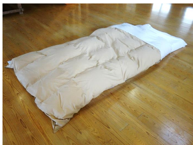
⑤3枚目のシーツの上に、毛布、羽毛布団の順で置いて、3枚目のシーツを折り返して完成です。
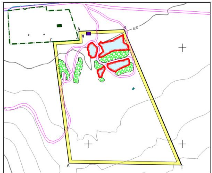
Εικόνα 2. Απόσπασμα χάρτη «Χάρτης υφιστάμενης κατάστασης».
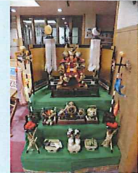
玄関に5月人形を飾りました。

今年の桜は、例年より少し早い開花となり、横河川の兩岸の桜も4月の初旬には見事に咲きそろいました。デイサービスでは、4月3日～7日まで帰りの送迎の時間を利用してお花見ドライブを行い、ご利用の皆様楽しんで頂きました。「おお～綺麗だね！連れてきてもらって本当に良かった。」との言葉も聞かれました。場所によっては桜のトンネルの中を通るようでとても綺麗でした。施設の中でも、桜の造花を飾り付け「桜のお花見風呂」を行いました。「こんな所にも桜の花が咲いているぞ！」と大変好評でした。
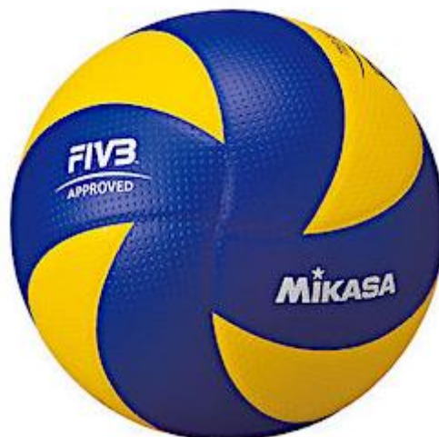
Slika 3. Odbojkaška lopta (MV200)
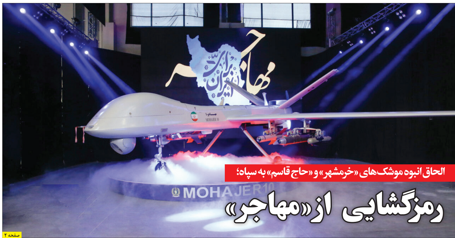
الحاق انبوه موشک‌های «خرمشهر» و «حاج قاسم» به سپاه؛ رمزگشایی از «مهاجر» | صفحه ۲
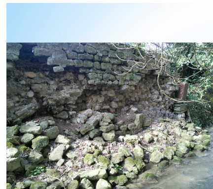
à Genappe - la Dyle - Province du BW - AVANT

---

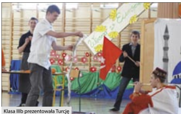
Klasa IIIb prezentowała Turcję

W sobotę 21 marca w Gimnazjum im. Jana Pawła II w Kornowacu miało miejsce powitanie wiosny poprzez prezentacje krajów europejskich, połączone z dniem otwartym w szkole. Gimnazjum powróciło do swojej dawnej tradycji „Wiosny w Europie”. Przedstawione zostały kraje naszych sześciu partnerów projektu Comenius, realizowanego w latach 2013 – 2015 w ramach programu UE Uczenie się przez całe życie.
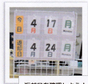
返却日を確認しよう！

--

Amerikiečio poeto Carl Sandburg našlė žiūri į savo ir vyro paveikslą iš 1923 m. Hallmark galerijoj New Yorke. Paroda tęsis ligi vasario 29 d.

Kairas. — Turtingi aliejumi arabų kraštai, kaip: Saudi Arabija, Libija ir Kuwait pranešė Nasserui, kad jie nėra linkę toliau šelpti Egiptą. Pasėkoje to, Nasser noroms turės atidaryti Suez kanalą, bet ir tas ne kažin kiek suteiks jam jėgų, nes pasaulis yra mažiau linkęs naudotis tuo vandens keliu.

*What you have to do:* With pictures excluded, reproduce exactly the lines above from the one containing "⑤3枚目のシーツの上に、毛布" down to the one containing "Slika 3. Odbojkaška lopta (MV200)", those two included.

*Reply to the task:*
⑤3枚目のシーツの上に、毛布、羽毛布団の順で置いて、3枚目のシーツを折り返して完成です。
Εικόνα 2. Απόσπασμα χάρτη «Χάρτης υφιστάμενης κατάστασης».
玄関に5月人形を飾りました。

今年の桜は、例年より少し早い開花となり、横河川の兩岸の桜も4月の初旬には見事に咲きそろいました。デイサービスでは、4月3日～7日まで帰りの送迎の時間を利用してお花見ドライブを行い、ご利用の皆様楽しんで頂きました。「おお～綺麗だね！連れてきてもらって本当に良かった。」との言葉も聞かれました。場所によっては桜のトンネルの中を通るようでとても綺麗でした。施設の中でも、桜の造花を飾り付け「桜のお花見風呂」を行いました。「こんな所にも桜の花が咲いているぞ！」と大変好評でした。
Slika 3. Odbojkaška lopta (MV200)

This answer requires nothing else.